▸ **Extracted material**
----------------------------------------
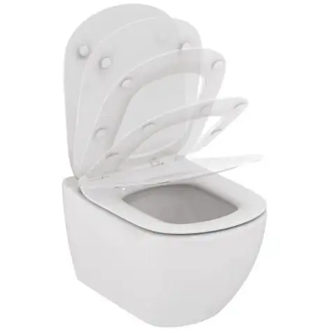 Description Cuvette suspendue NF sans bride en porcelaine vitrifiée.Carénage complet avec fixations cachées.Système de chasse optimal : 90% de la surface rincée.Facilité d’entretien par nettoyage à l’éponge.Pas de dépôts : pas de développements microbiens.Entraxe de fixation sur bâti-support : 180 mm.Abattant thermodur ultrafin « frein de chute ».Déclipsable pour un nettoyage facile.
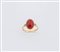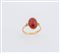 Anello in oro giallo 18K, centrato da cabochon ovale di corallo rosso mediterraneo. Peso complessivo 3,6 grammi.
----------------------------------------
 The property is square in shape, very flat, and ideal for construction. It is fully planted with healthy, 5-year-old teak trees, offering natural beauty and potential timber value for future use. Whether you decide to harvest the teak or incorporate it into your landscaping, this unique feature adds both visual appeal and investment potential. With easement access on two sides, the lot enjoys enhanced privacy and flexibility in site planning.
----------------------------------------
▸ **Exercise objective**
In the listing above, find the line with "Description Cuvette suspendue" and the line with "Anello in oro". Set down exactly those lines and everything between them, skipping pictures.

▸ **Answer section**
 Description Cuvette suspendue NF sans bride en porcelaine vitrifiée.Carénage complet avec fixations cachées.Système de chasse optimal : 90% de la surface rincée.Facilité d’entretien par nettoyage à l’éponge.Pas de dépôts : pas de développements microbiens.Entraxe de fixation sur bâti-support : 180 mm.Abattant thermodur ultrafin « frein de chute ».Déclipsable pour un nettoyage facile.
 Anello in oro giallo 18K, centrato da cabochon ovale di corallo rosso mediterraneo. Peso complessivo 3,6 grammi.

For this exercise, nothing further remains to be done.